Skater gibt es in verschiedenen Varianten. Auf der einen Seite ist es ein Sport, wenn man auf einem Skatebord oder auch Rollschuhen oder Inlinern fährt und auf der anderen Seite ist ein Skater inzwischen auch eine Modeerscheinung. Von Skaterhosen über Sneaker bis hin zu Sportsocken. Man muss aber dazu betonen, dass nicht jede Person, welche Skaterkleidung trägt, auch einen Fetisch für Sneaker und Stinksocken (z.B. der Marke Sk8erboy®) und den damit ggf. verbundenen sexuellen Handlungen hat. Aber auch Skaterhelme und Protektoren finden immer häufiger Einzug ins Schlafzimmer oder den Fetischverein. Vielleicht sollte ich aus dem Keller auch mal wieder meine Inliner holen und eine Runde damit fahren. Wäre es dann ein Fetisch oder Sport? Vielleicht beides…

Beim Wintersport sind wir auf die Witterung angewiesen.
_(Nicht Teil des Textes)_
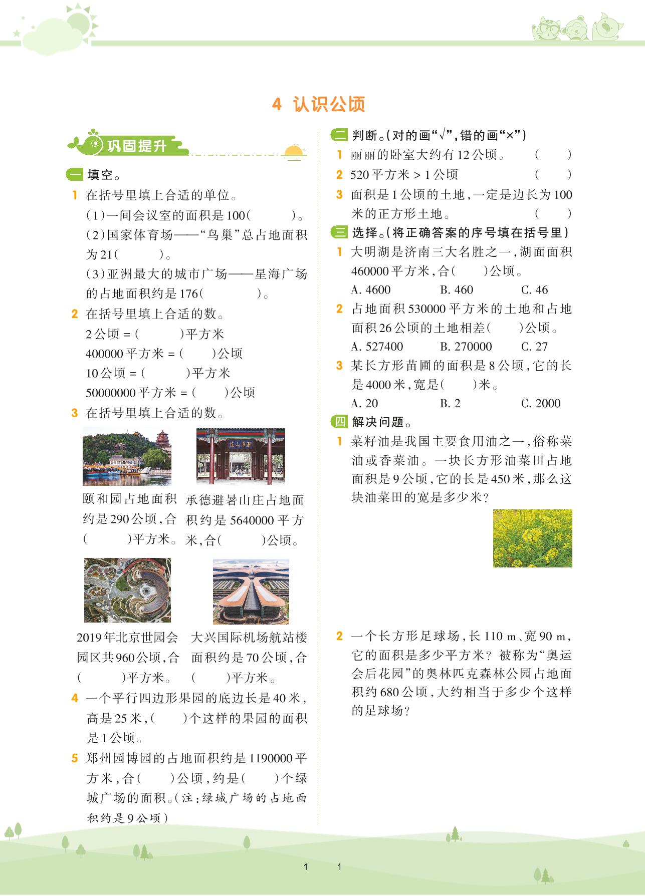 2020上册五年级数学苏教版 第二单元 多边形的面积——4 认识公顷
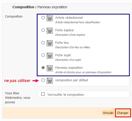 Choisir la composition d’un article est obligatoire : à défaut le contenu de l’article ne serait pas affiché sur le site. Le choix de la composition est accessible depuis l’espace privé, en éditant l’article concerné.
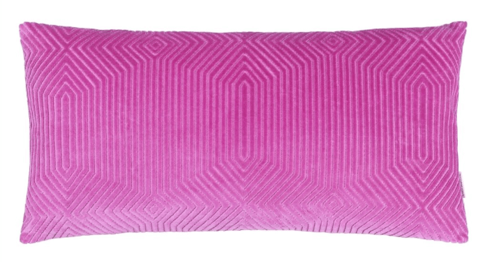 Poduszka Roxburgh Fuchsia firmy Designers Guild została wykonana z aksamitu oraz wykończona geometrycznym wzorem w różowym kolorze. Wymiary: 60 x 30 cm.
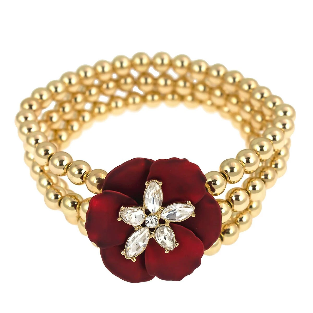 Add a chic finish to your ensemble with the charming Ashley Cooper™ gold-tone 3-row beaded stretch bracelet and red enamel flower with a center crystal stone.
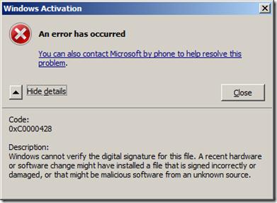 Для декодирования ошибки нам нужен второй параметр (он выделен жирным) — 0xc000428.
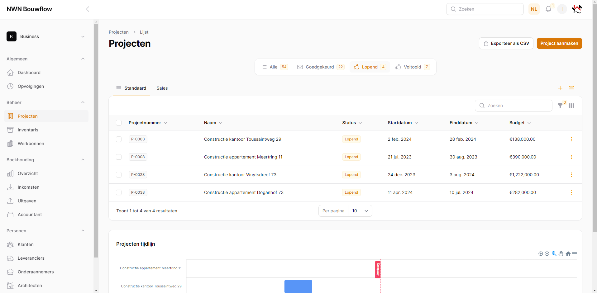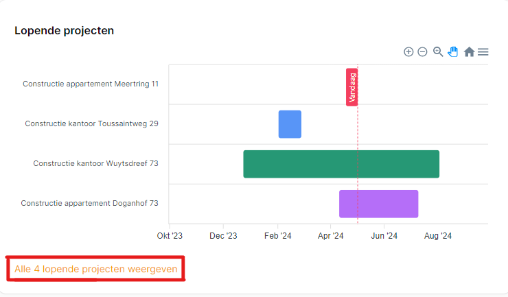 Door te klikken op “Alle 4 lopende projecten weergeven”, wordt je naar het projectoverzicht gebracht.
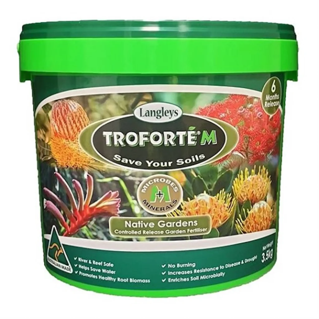 Troforte M Native is a controlled release garden fertiliser tailored specifically to the needs of Australian native plants and other phosphorus-sensitive varieties including proteas.

Ohne Schnee meist auch kein Wintersport. Da ich im südlichen Bayern wohne, liegt es nahe, dass sehr viele Personen hier im Winter in Richtung Berge reisen. Skifahren und Snowboarden ist sehr beliebt. Auch hier tragen immer mehr Personen einen Helm, auch wenn laut unserer Recherche (Stand Anfang 2026) noch keine allgemeine Helmpflicht beim Skirfahren gilt. Dennoch wird es dringend empfohlen und in manchen Ländern gibt es zum Beispiel eine Helmpflicht für Kinder und Jugendliche und teilweise machen private Liftbetreiber hier nochmal Sonderregeln. Skistiefel sind hier besonders im Fokus von manchen Fetischfreunden, da die Füße darin (fast) bis zur Unbeweglichkeit fixiert werden. Ein Gefühl, welches für viele BDSM-Liebhaber erregend sein kann. Dagegen sind „Softboots“, wie man sie teilweise beim Snowboarden trägt, im Vergleich zu klassischen Skistiefeln fast so bequem wie Hausschuhe. Aber manchmal dürfen Hausschuhe auch etwas unbequemer sein.
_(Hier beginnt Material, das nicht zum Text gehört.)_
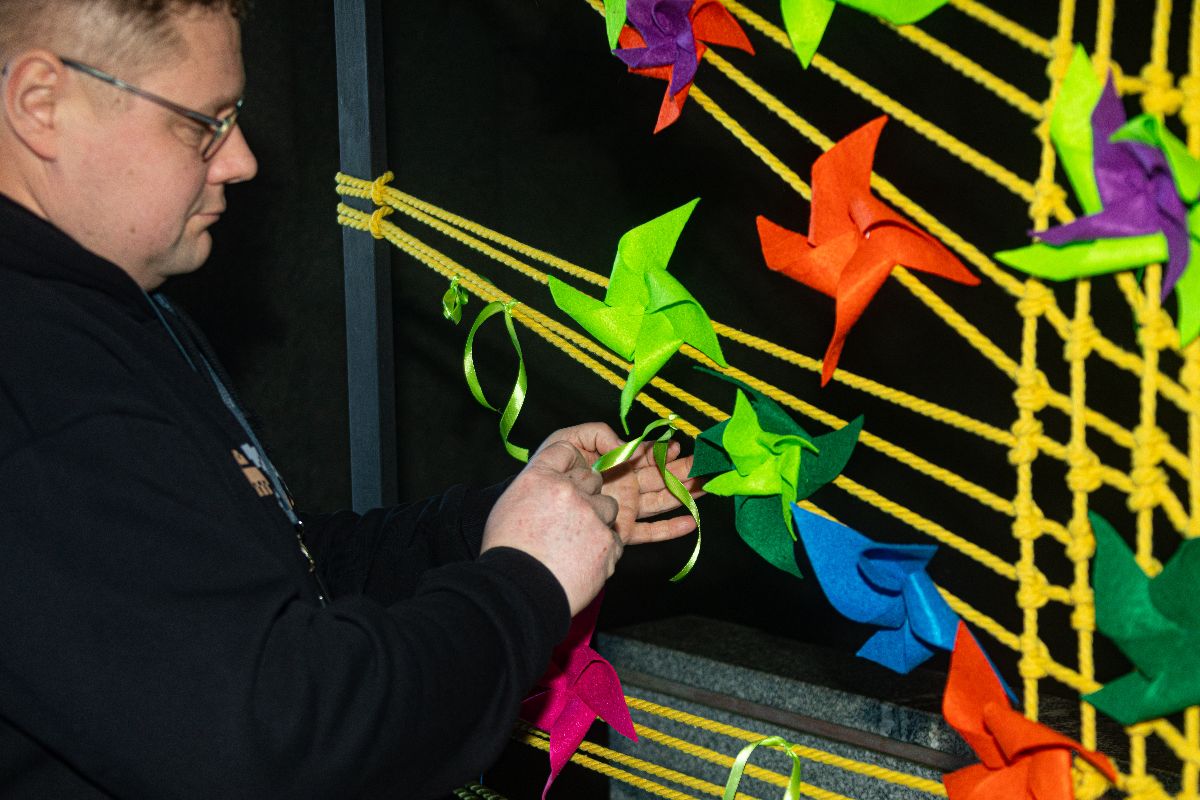 Особливий символізм виставці надає інсталяція художниці Оксани Цюпи – в’язане дерево, ліва й права частини якого уособлюють окуповані та вільні території України. Кожен відвідувач виставки має можливість прикрасити його «листям», зав’язавши зелені стрічки на знак віри у звільнення всіх українських земель.

Kommen wir vom Winter mehr in Richtung Sommer. Surfen kann man nicht nur im Internet, sondern auch auf dem Wasser. Egal ob klassiches Wellenreiten oder Windsurfen, die richtige Ausrüstung gehört auch hier dazu. Ein Surfanzug aus Neopren ist hier für die meisten Surfer das zentrale Kleidungsstück. Auch Fetischisten finden immer mehr Gefallen an Neopren. Surfanzüge sind meist ein wenig dünner als klassische Tauchanzüge und die Bewegungsfreiheit ist dabei etwas größer. Passend also auch für ein Abenteuer im Fetischbereich.
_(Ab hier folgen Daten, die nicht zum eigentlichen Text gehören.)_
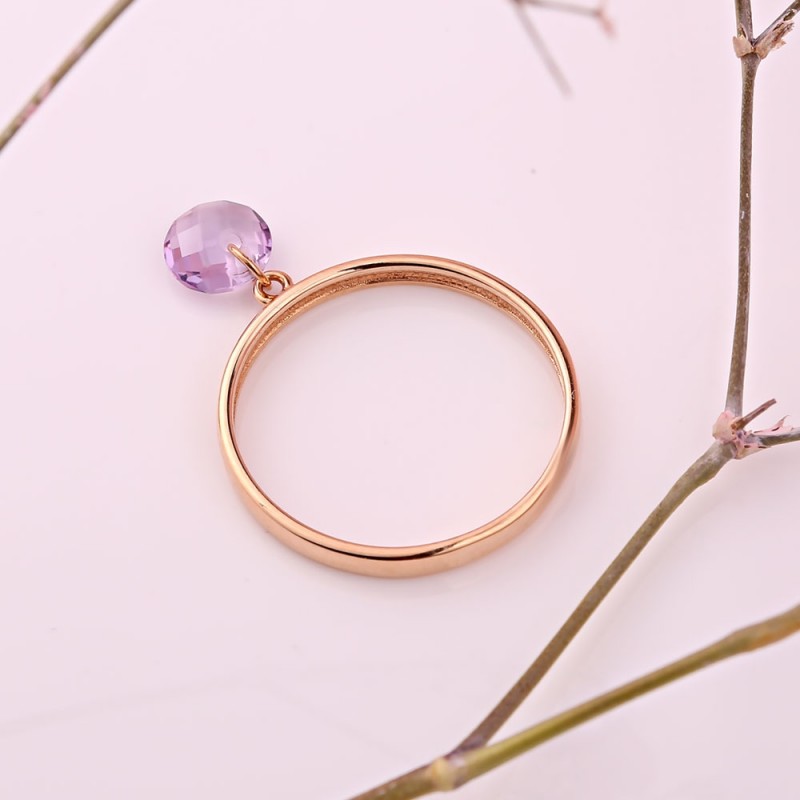 Rotgold mit einem Einsatz aus einem bezaubernden tanzenden Amethyst. Ein wunderbares Geschenk für einen geliebten Menschen!
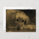Cute and thoughtful looking dog, this golden retriever is laying down resting his head on his paws. A loyal pet with a gentle melancholy look to him. The sepia tones of the photograph give it an old-fashioned, western vintage feel.
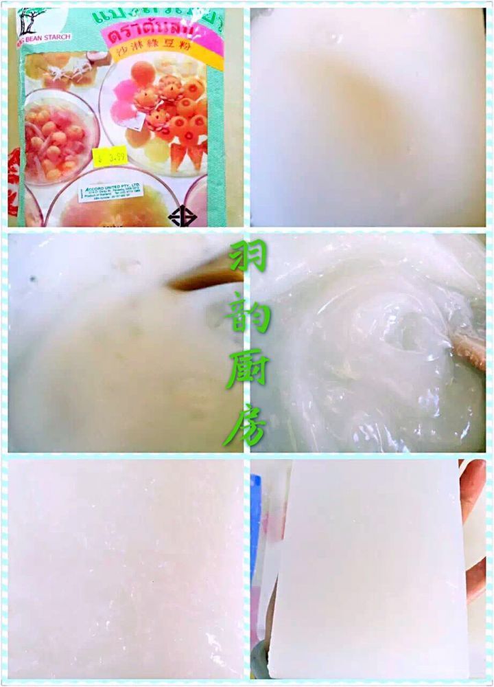 1,綠豆涼粉配方中,綠豆澱粉與水的比例是1:6,其實1:5-1:8都是可以的,水少做出來的涼粉比較硬、脆,顏色白得厚重些,水多則軟,白色較淺,透明度更高。

Helmtaucher - Copyright 2026, pxhere.com
Helmtaucher – Copyright 2026, pxhere.com

Bleiben wir beim Wassersport und gehen nun unter Wasser. Beim Tauchen muss man andere Dinge beachten als beim Surfen. Es stellt sich natürlich auch die Frage, ob man im Süden im Sommerurlaub im warmen Meer tauchen geht oder ob man in der kalten deutschen See im Frühjahr oder Herbst eine Runde untertaucht. Ich muss gestehen, dass ich selbst keinen Tauchschein habe. Aber ich war schon Probetauchen mit einer Tauchschule und ein erfahrener Tauchlehrer hat mich mal auf ein privates Tauchabenteuer in seichtem Gewässer mitgenommen. Ein wirklich faszinierender Sport und unter Wasser ist es eine Welt für sich. Ein dicker Neoprenanzug durfte hier natürlich nicht fehlen. Es gibt auch sogenannte Trockentauchanzüge, bei denen man vollständig vom Wasser geschützt ist. Zudem gibt es neben klassischen Tauchmasken auch Helme, mit denen man tauchen kann. Trockentauchanzüge in Kombination mit (extrem schweren) Tauchhelmen sind der feuchte Traum von so manchem BDSM-Liebhaber. Wir haben mit mehreren Tauchern gesprochen, welche schon einen Helmtauchgang erleben durften. Sie meinten alle, dass das Gewicht unter Wasser gar nicht so schlimm sein. Erst an Land merkt man so richtig, wie schwer die komplette Ausrüstung ist. Wie wäre es darin fixiert dazuliegen?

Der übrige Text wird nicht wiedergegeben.